Approximately one quarter of grade 1 events resolved, and the majority were ongoing regardless of what action (or lack thereof) was taken. These analyses only considered dose modifications directly related to cognitive events; modifications may have been made for reasons other than cognitive effects.

Abbreviation: —, not applicable.

Intracranial bleeding

ICB occurred in 4/167 (2.4%) patients who started on 300 mg avapritinib. One patient had grade 1 subdural hematoma, and three patients had intracranial hemorrhage (grades 1, 3, and 4). The patient with grade 1 subdural hematoma presented with multiple traumatic events that were assessed as nonserious grade 1 or 2 events, on the same day, suggesting a head trauma. The patient with grade 1 intracranial hemorrhage was asymptomatic and was diagnosed during routine imaging; this patient had a history of hypertension at the time of the event. Both patients continued avapritinib. The patient with grade 3 intracranial hemorrhage started on avapritinib <2 months prior to the event, and the event led to treatment discontinuation. The grade 4 intracranial hemorrhage was considered serious and led to permanent discontinuation of avapritinib. Brain imaging studies of these patients showed nonsignificant minimal microangiopathy at baseline, and defined microangiopathy at the time of the event. A fifth patient experienced grade 3 cerebral hemorrhage. This patient had received an initial avapritinib dose of 90 mg and had been using avapritinib 200 mg for approximately 8 months prior to the event. The patient had a history of hypertension and was receiving aspirin at the time of the event. In addition, brain imaging showed cavernous angiomas in this patient. The event was considered a serious AE and resulted in discontinuation of avapritinib. All five ICB events resolved or resolved with sequelae (seizures), and no patient died because of ICB.

Impact of Dose Modification on PFS

To assess the impact of dose modification on clinical outcomes, we examined the duration of PFS in the efficacy‐evaluable population (n = 97) of patients who started on avapritinib 300 mg. Patients who experienced dose reduction had a longer PFS compared with those who had no reduction of dose. The median PFS was 11.4 (95% CI, 8.1–20.3) months with dose reduction and 7.2 (95% CI, 5.5–24.0) months without dose reduction. With dose reduction, PFS rates (interval definition = min/max interquartile range 95% CI) at 3, 6, and 12 months were 96.8% (92.5%–100%), 76.6% (65.8%–87.4%), and 48.6% (35.2%–61.9%), respectively. In contrast, the rates of PFS without dose reduction at 3, 6, and 12 months were 85.0% (72.9%–97.1%), 56.4% (39.2%–73.7%), and 38.5% (20.9%–56.1%), respectively (Fig. 3).

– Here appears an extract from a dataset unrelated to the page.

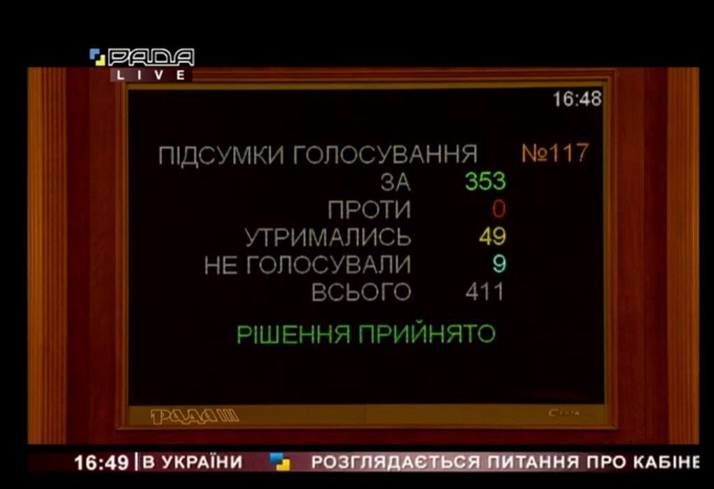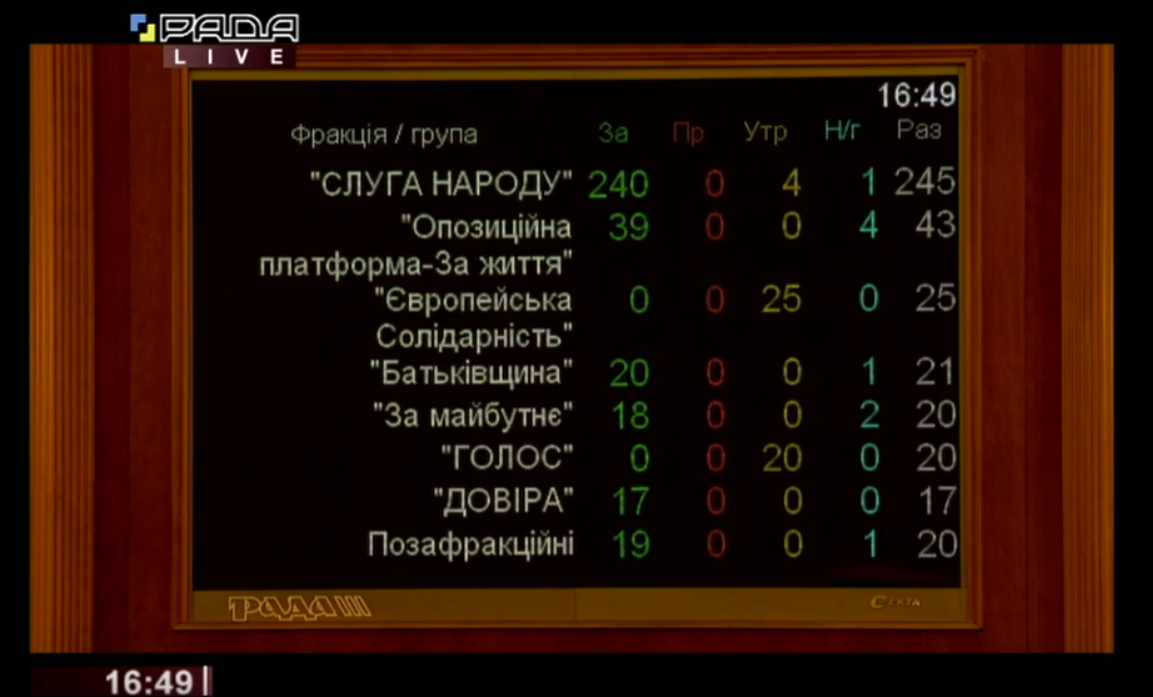 За відставку Гончарука проголосувало 353 депутати. Проти не проголосував ніхто. Утрималися 49 депутатів. 9 депутатів не голосувало.

Effect of dose reduction on progression‐free survival in patients who started treatment with avapritinib 300 mg. Kaplan‐Meier estimate of progression‐free survival in the safety population (n = 97) with or without dose reduction.

Discussion

In this post hoc analysis of the registration‐enabling phase I NAVIGATOR study, avapritinib was generally well tolerated at the recommended dose of 300 mg once daily. The most common AEs in this study were nausea, fatigue, and anemia, which are consistent with on‐target inhibition of KIT and PDGFRA, and the safety profile of oral kinase inhibitors in patients with GISTs [6, 10, 34, 35]. Reports of thyroid abnormalities and hand‐foot syndrome/reactions, a common side effect of some multitargeted TKIs, were infrequent in this study [10, 11]. Cognitive effects (memory impairment, cognitive disorder, confusional state, and encephalopathy) were mostly grade 1 or 2 and manageable with dose modification (interruption and/or reduction). Cognitive effects (any grade) occurred in 41.6% of patients who were exposed to avapritinib. The rate of cognitive effects was lower in patients who started on avapritinib 300 mg (40.1%) compared with patients who started on 400 mg (50.0%). Among patients who experienced these events in the 300‐mg avapritinib group, most (70.1%) had grade 1 cognitive effects, whereas no patients experienced grade 4 or 5 cognitive effects. Improvement of grade ≥2 cognitive effects to a lower grade or symptom resolution were achieved faster with dose modification compared with maintaining the dose. Importantly, dose modification did not appear to result in reduced median PFS. These data suggest that early dose adjustment may be a beneficial approach for managing grade ≥2 cognitive effects in patients treated with avapritinib. We recommend continued monitoring of patients who experience cognitive effects even after the AEs improve to grade 1.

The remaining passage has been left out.